## Data shown
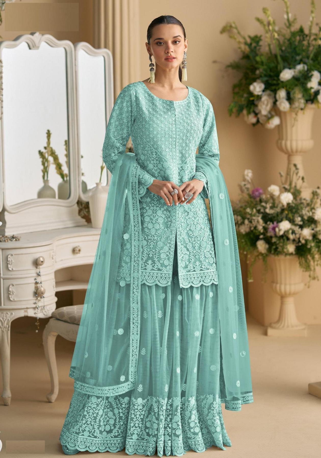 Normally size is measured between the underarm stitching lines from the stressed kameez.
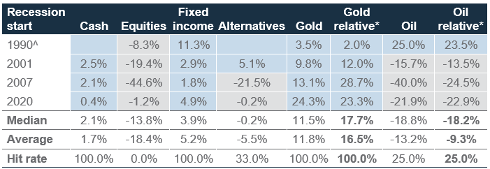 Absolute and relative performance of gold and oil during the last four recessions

---

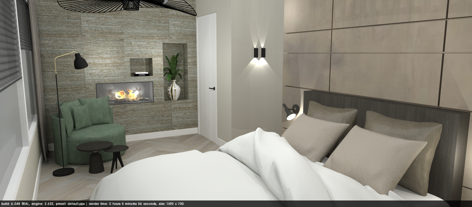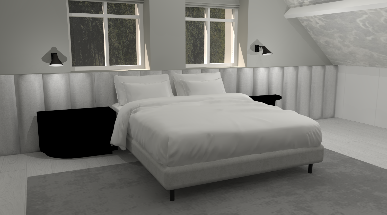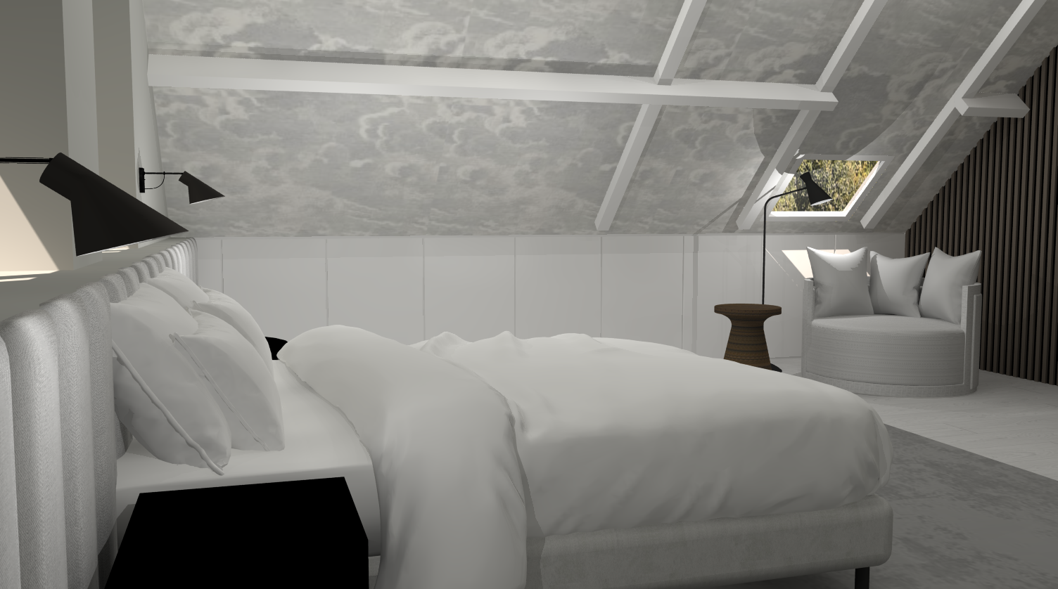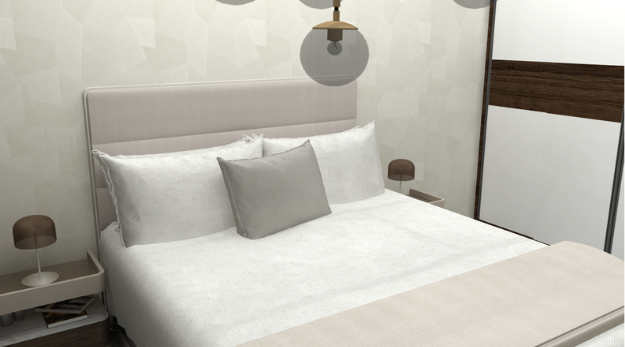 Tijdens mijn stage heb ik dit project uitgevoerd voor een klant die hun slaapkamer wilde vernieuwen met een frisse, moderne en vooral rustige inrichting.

## What to work on
Within the entries above, the lines from the one containing "Normally size is" through the one containing "Absolute and relative" are to be transcribed exactly, ends included, pictures excluded.

## Reply to the task
 Normally size is measured between the underarm stitching lines from the stressed kameez.
 Absolute and relative performance of gold and oil during the last four recessions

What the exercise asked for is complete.